If T is a pointer (*u8), then ?*u8 means “this could be a pointer or nothing.”

var ptr: ?*i32 = null; // ptr is stored as 0x0
ptr = &some_integer;   // ptr now holds the address of some_integer

The optional pointer takes up the same amount of memory as a regular pointer (e.g., 8 bytes on a 64-bit system)

// the value may be byte or null
var maybe : ?u8 = null;	// prefix with ? mark  
// default value is null
 
maybe = 10;
 
var known = maybe.?; // if maybe is null, this will throw an error
 
var the_value = maybe orelse 0; // if maybe == null : return 0
// ternary in zig
var value = if (maybe) |b| b else 0;

? - Used to denote an option value while declaring a variable. It can also be used to unwrap an optional value.
orelse - Used to provide a default value if the optional value is null.

For non-pointer types (like integers, structs, etc.), Zig uses a tagged union to represent the optional.

A tagged union is a way to store either one type of data or another, along with a “tag” to indicate which one is currently stored.

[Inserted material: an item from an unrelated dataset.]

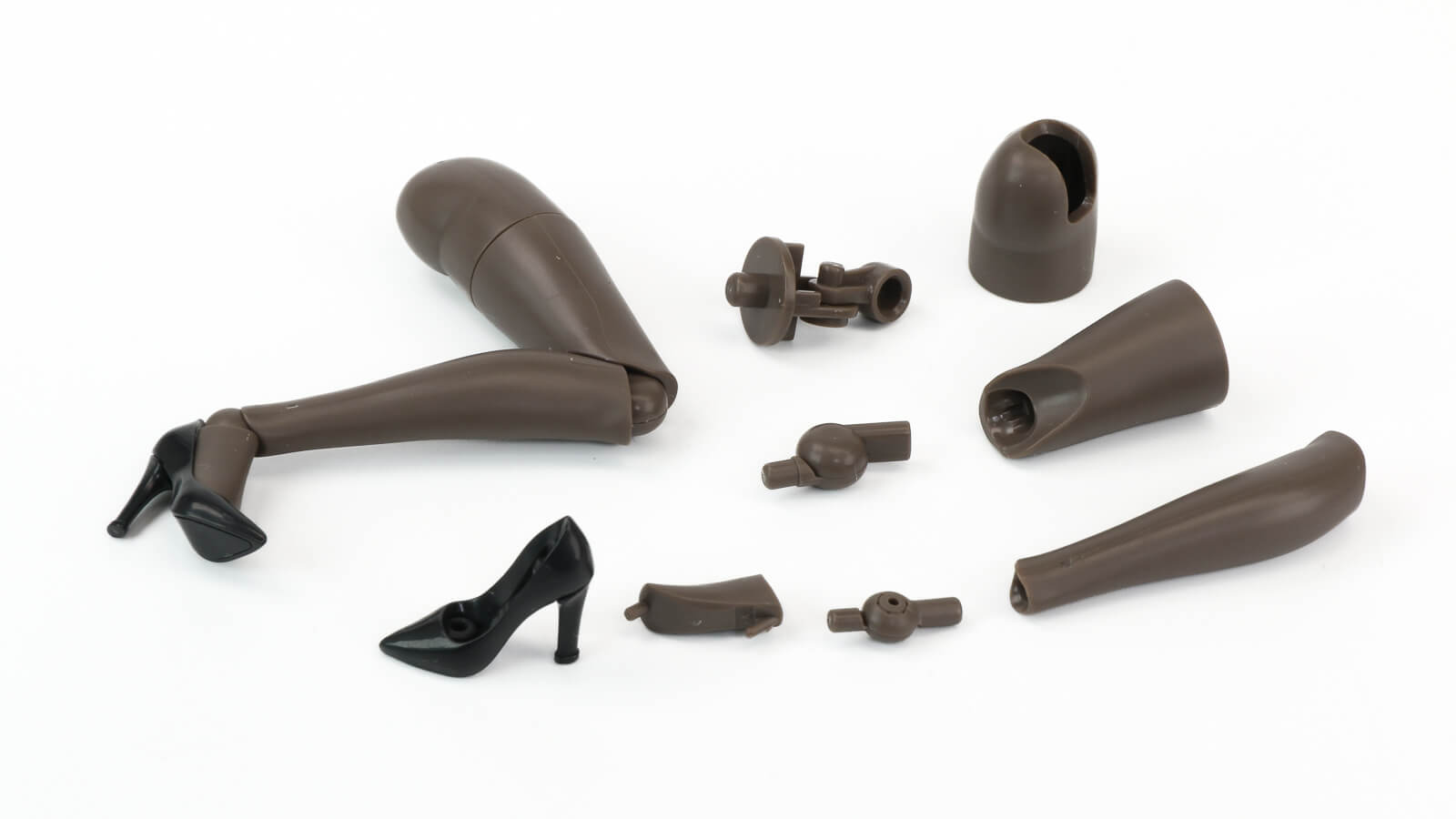 脚部はシンプルに可動部以外は合わせ目がない構造です。いままでのキャラクターでも水着版で魅せてきたワザですね。すごいのはハイヒールで、靴本体、靴底、ヒールの3パーツ構成なのですが、その本物っぽさはなかなか。ちゃんと立てるようにヒールのリフトがちょっとだけ大きいのもプラモとのやり取りを感じる部分です。

var num: ?i32 = null; // Tag = 0x00, Payload = uninitialized
num = 42;             // Tag = 0x01, Payload = 42
 
// memory layout pseudocode
const OptionalI32 = struct {
    is_null: u8,        // 1 byte (0x00 for null, 0x01 for value)
    _padding: [3]u8,    // 3 bytes of padding (to align the i32)
    value: i32,         // 4 bytes (the actual integer)
};

The memory layout of a i32 is as follows:

1 byte for the tag.
3 bytes of padding (to align the i32 to 4 bytes).
4 bytes for the i32 value.

if (maybe) |b| {
	std.debug.print("The value is {d}\n", .{b});
}

If the value of maybe exists, it will be assigned to b and the block will be executed. If you are not interested in the payload, you can ignore it by using _

const allocator = std.heap.page_allocator;
var ptr: ?*i32 = try allocator.create(i32);
ptr.?.* = 42; // Unwrap and assign a value
allocator.destroy(ptr); // Free the memory

If an optional is part of a heap-allocated object (like a struct or array), you need to manage its memory manually using an allocator.

Blocks

Blocks are expressions that return a value.
Blocks are enclosed in curly braces {} and can be used in many places, such as in expressions, loops, or even as standalone constructs.

const x: u8 = blk: {
	var y: u8 = 10;
	var z: u8 = 20;
	break :blk y + z;
}

When the compiler sees a block, it creates a new scope for the variables inside it (e.g., y and z). When the block ends, the memory for these variables is automatically reclaimed.

Switch Statement Syntax

switch (y) {
	0 ... 20 => std.debug.print("0 ... 20\\n", .{}),
	21,22,32 => std.debug.print("21,22,32\\n", .{}),
 
	// capturing the value of y
	32..50 => |z| std.debug.print("{d}\\n", .{z}),
 
	// blocks for complex code
	77 => {
		const x = 10;
		std.debug.print("{d}\\n", .{x});
	},
 
	// as long as it is comptime known
 blk: {
		const a = 1000;
		break :blk a;
	} => std.debug.print("{d}\\n", .{z}),
 
	// has to be an exhaustive case
	else => std.debug.print("NONE OF THE ABOVE\\n", .{}),
};

The compiler ensures that the switch statement is exhaustive, meaning all possible values of y are covered. If not, it requires an else case
Ranges: 0...20 matches any value between 0 and 20 (inclusive)
If the value of y and the cases are known at comptime, the compiler can optimize the switch statement by replacing it with a direct branch to the case or removing unreachable code.

Enums and Unions

const Color = enum {
	Red  = 1, // default value
	Green, // 2
	Blue, // 3
	_,
 
	fn isRed(self: Color) bool {
		return self == .Red;
	}
};

enum - Enumerations are a way to group a set of related values together. They are used to store a fixed set of values, and to provide type safety at the same time. Each value in enum is called a variant.
Each variant can optionally have an explicit integer value. If no value is specified, Zig assigns values starting from 0 (or the last explicit value + 1).
_ - The _ variant is a catch-all for any value not explicitly listed

enums are stored as integers. If all values fit in u8, it is stored as u8 otherwise the compilers uses the smallest integer type possible.
Color is stored as a u8 because its values (1, 2, 3) fit in 1 byte
When you call a method on an enum, the compiler passes the enum value (self) to the method.

const Number = union {
	int: u8,
	float: f64,	
}

union - Helpful for using memory efficiently when you know that the value will always be one of the possibilities.
It seperates the space required of the biggest type in memory. It is like when both of the fields are using the same amount of memory but only one of them is active.
Unions can also have functions associated with them.
Accessing an inactive field results in undefined behavior.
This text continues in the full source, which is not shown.